The roots and origin of the word are not English, or as it is called "wine steward", but French. In Latin "sagma", "bât". The term sommelier originally means "beast of burden driver". In Provençal French "saumalier", herd driver, himself from "sauma", herd.

But then what is a Sommelier?:

A sommelier can only be a professional, because they work for a house, and have been hired to accomplish a very specific task, which gives them their title.

Here are the specifications that an employer expects from a Sommelier:

  1. Have an in-depth knowledge of wines, spirits and waters related to the theme (French, Italian, Modern American etc.) of the restaurant for which they work,
    as well as from the rest of the wine world.
  2. Have an in-depth knowledge of the cuisine and the techniques used and a mastery of molecular and tactile pairings of food and wine - essentially be a foodie and gourmand. 
  3. Work in very close collaboration with not only the chef, head bartender, maître d', director & owner, but also with the entire restaurant team.
  4. Know how to negotiate, choose and buy, respect budgets, and know expectations of the targeted clientele. Manage and plan projections and expected profit margins. Understand and produce inventory and P&L, and have sufficient knowledge to make the right strategic decisions for the company.
  5. Know how to write and administer a wine list according to international standards. Master and know the establishment’s entire wine list (which can range from 40 to 3000 selections).
  6. Master all room service protocols and wine service according to the needs of the wine and the customer.
  7. Be a seasoned and charismatic communicator. Have a great ability to listen to others (clients) and be a passionate teacher.
  8. Be capable of working long hours, most of the time standing.
  9. Be able to carry and handle heavy loads of wine.
  10. Commit to spending your holidays and leisure time reading about and visiting vineyards.
  11. Be available and ready to work weekends and holidays.
  12. Be available for any other necessary tasks like serving in the dining room, welcoming customers, or less than glamorous tasks including mopping the floor, polishing glasses, cleaning the toilet, etc.

Decantation conclusion:
If all these tasks are not included in your training and work, be kind enough to define yourself as a "certified oenophile". This is prestigious, respectable, and accurate.
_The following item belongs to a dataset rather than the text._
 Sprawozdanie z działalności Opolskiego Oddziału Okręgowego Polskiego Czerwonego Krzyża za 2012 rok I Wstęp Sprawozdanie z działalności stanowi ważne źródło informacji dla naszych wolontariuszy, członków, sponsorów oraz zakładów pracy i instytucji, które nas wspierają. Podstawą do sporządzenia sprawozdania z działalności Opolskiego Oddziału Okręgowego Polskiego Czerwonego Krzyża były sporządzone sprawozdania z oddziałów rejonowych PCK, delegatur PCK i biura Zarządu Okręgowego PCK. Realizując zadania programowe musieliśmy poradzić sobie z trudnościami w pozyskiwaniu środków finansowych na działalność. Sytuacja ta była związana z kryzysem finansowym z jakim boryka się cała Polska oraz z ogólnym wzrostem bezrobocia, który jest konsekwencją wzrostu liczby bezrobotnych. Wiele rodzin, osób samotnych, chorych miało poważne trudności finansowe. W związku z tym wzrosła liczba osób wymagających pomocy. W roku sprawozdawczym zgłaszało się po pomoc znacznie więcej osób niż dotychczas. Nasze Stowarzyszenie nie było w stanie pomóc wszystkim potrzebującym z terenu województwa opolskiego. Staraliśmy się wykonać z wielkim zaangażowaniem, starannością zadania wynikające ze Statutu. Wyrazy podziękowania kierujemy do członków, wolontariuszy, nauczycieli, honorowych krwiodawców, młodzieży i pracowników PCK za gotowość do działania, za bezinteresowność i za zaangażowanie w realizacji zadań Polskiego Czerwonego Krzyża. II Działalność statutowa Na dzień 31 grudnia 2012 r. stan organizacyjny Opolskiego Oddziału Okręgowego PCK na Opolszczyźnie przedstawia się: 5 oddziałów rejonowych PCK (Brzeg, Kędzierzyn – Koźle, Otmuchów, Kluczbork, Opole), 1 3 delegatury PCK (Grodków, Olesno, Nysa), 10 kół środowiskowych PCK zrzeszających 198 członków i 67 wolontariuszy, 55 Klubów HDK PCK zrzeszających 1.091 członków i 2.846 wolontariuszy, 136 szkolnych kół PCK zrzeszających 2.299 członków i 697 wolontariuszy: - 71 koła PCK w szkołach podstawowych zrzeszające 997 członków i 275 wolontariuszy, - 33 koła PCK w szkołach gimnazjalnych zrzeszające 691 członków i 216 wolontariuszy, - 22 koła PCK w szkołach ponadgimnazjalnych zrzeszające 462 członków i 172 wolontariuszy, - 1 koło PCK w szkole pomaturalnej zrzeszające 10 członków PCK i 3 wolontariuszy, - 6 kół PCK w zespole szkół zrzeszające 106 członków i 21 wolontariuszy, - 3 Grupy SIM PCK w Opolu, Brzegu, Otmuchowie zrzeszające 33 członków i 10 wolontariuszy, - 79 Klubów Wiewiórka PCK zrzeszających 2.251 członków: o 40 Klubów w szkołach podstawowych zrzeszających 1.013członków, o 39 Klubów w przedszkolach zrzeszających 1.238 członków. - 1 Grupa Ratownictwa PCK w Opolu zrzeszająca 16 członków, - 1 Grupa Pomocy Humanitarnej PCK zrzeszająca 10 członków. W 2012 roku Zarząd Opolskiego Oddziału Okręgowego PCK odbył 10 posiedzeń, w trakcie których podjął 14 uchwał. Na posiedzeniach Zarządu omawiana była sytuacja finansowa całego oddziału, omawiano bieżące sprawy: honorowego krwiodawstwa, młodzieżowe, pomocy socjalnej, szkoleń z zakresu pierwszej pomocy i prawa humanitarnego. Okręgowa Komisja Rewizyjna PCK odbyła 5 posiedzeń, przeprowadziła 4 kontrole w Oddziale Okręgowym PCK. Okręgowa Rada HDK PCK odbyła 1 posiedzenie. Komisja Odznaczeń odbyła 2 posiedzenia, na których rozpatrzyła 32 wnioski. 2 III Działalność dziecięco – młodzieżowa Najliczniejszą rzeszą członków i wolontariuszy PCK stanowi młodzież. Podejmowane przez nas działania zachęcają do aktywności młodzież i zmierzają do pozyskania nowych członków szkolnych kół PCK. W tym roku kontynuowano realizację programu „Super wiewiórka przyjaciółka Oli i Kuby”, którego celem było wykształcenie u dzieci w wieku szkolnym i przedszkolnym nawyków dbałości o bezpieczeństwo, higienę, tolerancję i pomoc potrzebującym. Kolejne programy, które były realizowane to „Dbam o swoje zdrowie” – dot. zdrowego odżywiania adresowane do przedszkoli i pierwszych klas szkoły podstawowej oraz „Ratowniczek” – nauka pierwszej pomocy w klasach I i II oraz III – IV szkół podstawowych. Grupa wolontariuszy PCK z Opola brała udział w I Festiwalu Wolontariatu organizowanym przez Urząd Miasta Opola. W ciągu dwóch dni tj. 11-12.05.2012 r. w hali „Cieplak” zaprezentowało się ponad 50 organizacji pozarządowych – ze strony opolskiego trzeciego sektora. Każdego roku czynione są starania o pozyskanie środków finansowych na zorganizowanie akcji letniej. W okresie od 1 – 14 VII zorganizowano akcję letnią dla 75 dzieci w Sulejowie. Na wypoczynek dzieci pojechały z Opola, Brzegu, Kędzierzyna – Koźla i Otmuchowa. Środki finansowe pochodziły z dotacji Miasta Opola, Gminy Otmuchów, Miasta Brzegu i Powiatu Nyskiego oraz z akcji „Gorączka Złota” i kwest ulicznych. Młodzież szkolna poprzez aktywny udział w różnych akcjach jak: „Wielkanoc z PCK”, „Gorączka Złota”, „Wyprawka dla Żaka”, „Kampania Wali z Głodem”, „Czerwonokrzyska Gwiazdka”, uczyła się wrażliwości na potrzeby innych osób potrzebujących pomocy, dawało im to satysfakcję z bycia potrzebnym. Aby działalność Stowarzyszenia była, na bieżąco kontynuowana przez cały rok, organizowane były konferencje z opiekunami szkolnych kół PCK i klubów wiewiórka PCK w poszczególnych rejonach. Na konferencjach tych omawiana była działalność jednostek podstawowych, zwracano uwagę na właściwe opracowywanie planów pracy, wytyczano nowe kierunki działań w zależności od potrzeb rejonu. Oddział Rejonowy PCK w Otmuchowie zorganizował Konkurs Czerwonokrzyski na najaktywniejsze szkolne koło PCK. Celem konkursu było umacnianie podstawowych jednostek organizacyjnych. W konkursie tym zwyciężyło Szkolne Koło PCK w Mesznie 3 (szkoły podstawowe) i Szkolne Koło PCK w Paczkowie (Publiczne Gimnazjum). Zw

And then you may leave the title of Sommelier to others, as it seems to me in the end can be less prestigious and more average than what you want the world to think of you. You don't want to be seen as a "Beast of Somme" at the end!!!

But then why does Bonde host a Sommelier?
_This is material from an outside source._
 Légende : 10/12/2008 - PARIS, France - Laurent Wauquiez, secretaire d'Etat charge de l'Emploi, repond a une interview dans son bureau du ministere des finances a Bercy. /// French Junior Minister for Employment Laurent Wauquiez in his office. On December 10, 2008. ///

A wine merchant (wine store steward) cannot be a sommelier by definition, but a sommelier can become a wine merchant. The advantage for the customer is that the sommelier, in addition to knowing his wines and having made a very curated selection for his customers, can advise you in all your needs and questions to find the best choices food and wine pairing possible. The sommelier does not sell wine, he is there primarily to advise you in a very welcoming space. The sommelier is also an expert for table accessories and especially for wine accessories. Bonde offers you all this and more with themed nights hosted by Bertil. So yes, “Bonde fine wine and accessories” is a boutique of professional sommeliers, and we are proud of it.

Mr. B

*Memorandum: My words and opinions in these newsletters are and would always be personal, and I intend to offend. I always accept that others have the full right and duty to challenge me, to argue, and, if it is necessary, excommunicate me from their beliefs (often dull and hollow) because I would act the same way if it were the other way around.